This case involves Florida and 19 other states challenging the constitutionality of ObamaCare.  On October 14th, 2010, a district court judge in Florida refused to dismiss the case.

In the opinion, the judge did throw out some of the challenges made by the states, but some of the challenges remain.

1) Commerce Clause argument remains (Congress didn’t have the authority to pass the individual mandate under the Commerce Clause):

Since the Court isn’t making an official ruling on the merits, it would have been absurd to dismiss this claim (not that this stops other courts).  Here’s what the Court said:

At this stage in the litigation, this [Commerce Clause challenge] is not even a close call. I have read and am familiar with all the pertinent Commerce Clause cases…
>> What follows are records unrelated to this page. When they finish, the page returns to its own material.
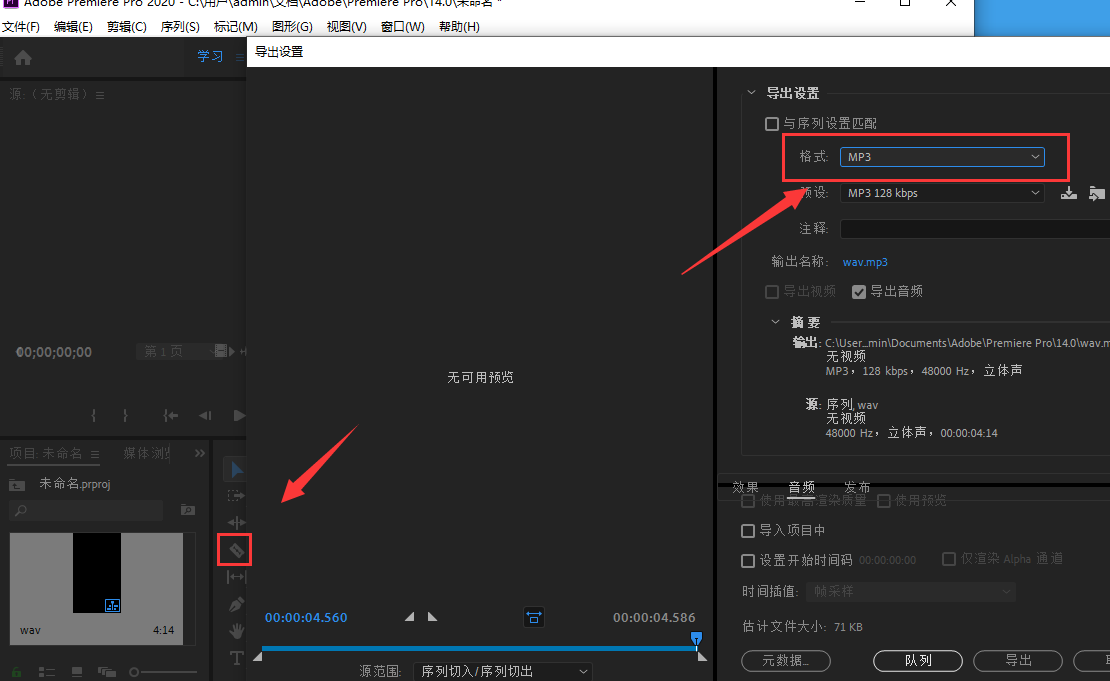 剪辑方法:前面的方法也剪映的都一样,我们通过剃刀工具来进行音乐的剪辑,然后在保存格式里选择MP3即可。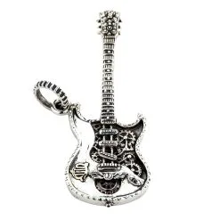 Bikerringshop Sterling Silver Rocker Guitar Pendant Necklace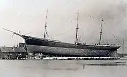 The Down Easter or Downeaster was a type of 19th-century sailing ship built in Maine, and used largely in the California grain trade. It was a modification of the clipper ship using a similar bow but with better cargo handling. It achieved a balance between speed and tonnage such that it made the wheat trade between California and Great Britain competitive with east coast grain trade via steam ship. It could make the trip between San Francisco and Liverpool in 100 days, despite rounding Cape Horn and crossing the equator twice.[1] A more unusual name for the rig was shipentine.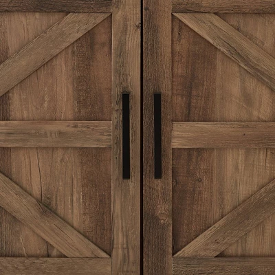 Cabin vibes are just one entertainment console away with Saracina Home’s Atticus Modern Farmhouse 2-Door 48” Corner TV Stand for TVs up to 55”. You may feel like you’re in the countryside, but you can stay plugged in and organized with the help of three cord management ports. A convenient blend of open and closed storage is accentuated by adjustable shelves, primed for displaying consoles and decor. The angled, small-space friendly design easily slides against any corner of your living room, so you can make the most of your unique layout. Rustic barn doors combine with the geometric silhouette and raised metal base for a piece that feels right at home in both farmhouse and modern settings. Overall Product Dimensions:Height: 32”Width: 47.625”Depth: 15.75”Center Cubby Dimensions:Height: 6.125”Width: 30.75”Depth: 14.875”Top Side Shelves Dimensions:Height: 6.125”Width: 10.375”Depth: 14.625” – 10.375”Middle and Bottom Side Shelves Dimensions:Height: 9.25”Width: 10.375”Depth: 14.625” – 10.375”Cabinet Dimensions:Height: 19”Width: 14.75”Depth: 14”Additional Dimensions:Leg Height: 5”Tabletop Thickness: 0.625”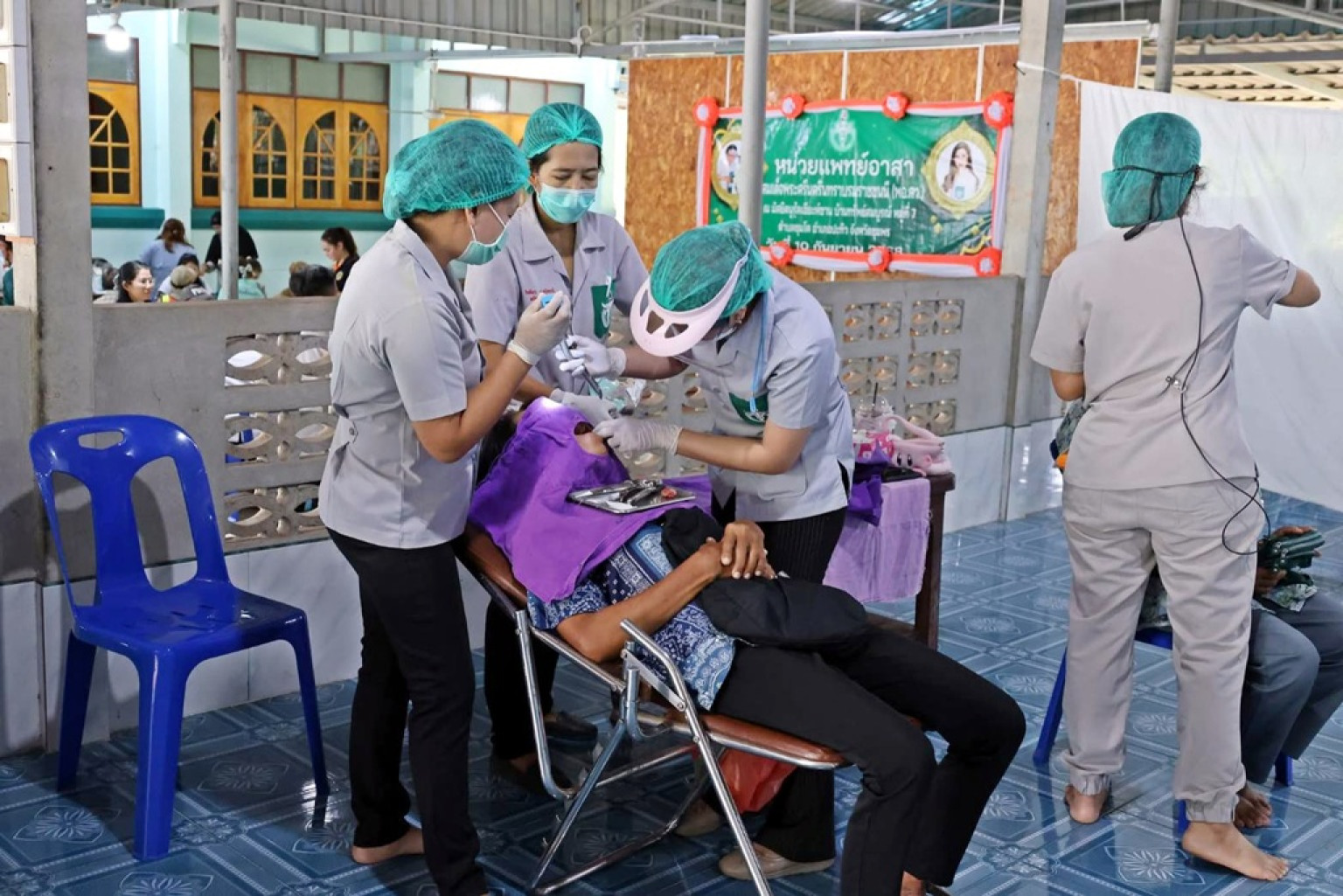 สมเด็จพระศรีนครินทราบรมราชชนนี ได้ทรงบำเพ็ญพระราชกรณียกิจ โดยเฉพาะอย่างยิ่งด้านการแพทย์ การสาธารณสุข อันเป็นคุณประโยชน์ต่อประเทศชาติและปวงชนชาวไทย นานัปการ ทั้งด้านการศึกษา การสาธารณสุขและการสังคมสงเคราะห์ประชาชนผู้ยากไร้มาโดยตลอด กับพระราชจริยวัตรที่พระองค์ทรงเอาพระทัยใส่ และดูแลราษฎรผู้เจ็บไข้ได้ป่วยและผู้ยากไร้ และทรงจัดตั้งมูลนิธิแพทย์อาสาสมเด็จพระศรีนครินทราบรมราชชนนี มีหน่วยทันตกรรมเคลื่อนที่ ซึ่งมีพลังของอาสาสมัครอยู่ทุกจังหวัด ทุกอำเภอทุกตำบล ตลอดจนถึงระดับหมู่บ้าน ที่พร้อมจะสนองพระราชดำริ ในการออกหน่วยให้บริการทางด้านสุขภาพ ด้านสังคมสงเคราะห์ ด้านการศึกษาและด้านการสาธารณกุศลต่างๆ แก่ประชาชน โดยเฉพาะอย่างยิ่งในเขตทุรกันดาร และห่างไกล ทรงจัดตั้งหน่วยแพทย์อาสาสมเด็จพระศรีนครินทราราชชนนี เมื่อพุทธศักราช 2512 พร้อมกันด้วยจัดตั้งสถานีรักษาทางวิทยุ ทรงโปรดให้รักษาพยาบาลโรคเฉพาะทาง และทันตกรรม

The Court strongly agreed that the case involved “inactivity” and novel questions.  The judge clarified that the “novelty” didn’t necessarily mean the individual mandate is unconstitutional, but his opinion suggests a strong likelihood that he won’t buy the argument that the Commerce Clause gives Congress the power to force people into buying health insurance.

2) Tax Argument:  The Court dismissed the argument that if the penalties are deemed to be a tax, those taxes are unconstitutional–the argument was deemed moot.  

This is good news.  One of the ways, arguably, that Congress could have had authority to pass the mandate was based on its taxing power.  The Court makes it very clear that this is a non-issue because the penalties aren’t taxes at all, but are penalties:

I need not be concerned with the issue. As previously explained, it is quite clear that Congress did not intend the individual mandate penalty to be a tax; it is a penalty.

In my view, there’s a lot to be happy about–I think the Court got a lot right.  As I have said, the legal fight against ObamaCare will come down to the Commerce Clause issue.  At least with this judge, I don’t expect the individual mandate to survive.